Born in 1976, McKimens studied at Art Center College of Design in Pasadena, California. From the it was direct to New York where he lived until a recent return west to Los Angeles where he currently lives.
He has exhibited internationally in both gallery and museum contexts, created a significant amount of work through private commissions, and is included in numerous prominent collections.
Select solo exhibitions include Deitch Projects, The Hole, and Art Rock at Rockefeller Center in New York; the Watari Museum of Contemporary Art in Tokyo, Japan; Dio Horia in Mykonos, Greece; Studio d'Arte Raffaelli in Trento, Italy; Galerie Zürcher in Paris, France; and Loyal Gallery in Stockholm, Sweden.

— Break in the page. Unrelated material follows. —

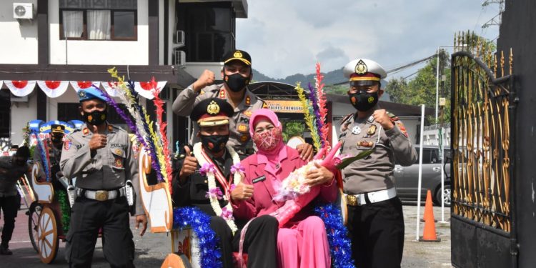 Kapolres Trenggalek Kayuh Becak Lepas Purnawirawan

Select group exhibitions include PS1 MoMA, Deitch Projects, The Hole, The Journal Gallery, White Columns, and the Neuberger Museum in New York; the DESTE Foundation for Contemporary Art in Athens, Greece; the MACRO Museum in Rome, Italy; the Garage Center in Moscow, Russia; ARoS Kunstmuseum in Aarhus, Denmark; Portugal Arte 10 in Lisbon, Portugal; Peres Projects in Berlin, Germany; as well as the Williamson Gallery at Art Center College of Design, the Riverside Art Museum, and The Hole LA in California.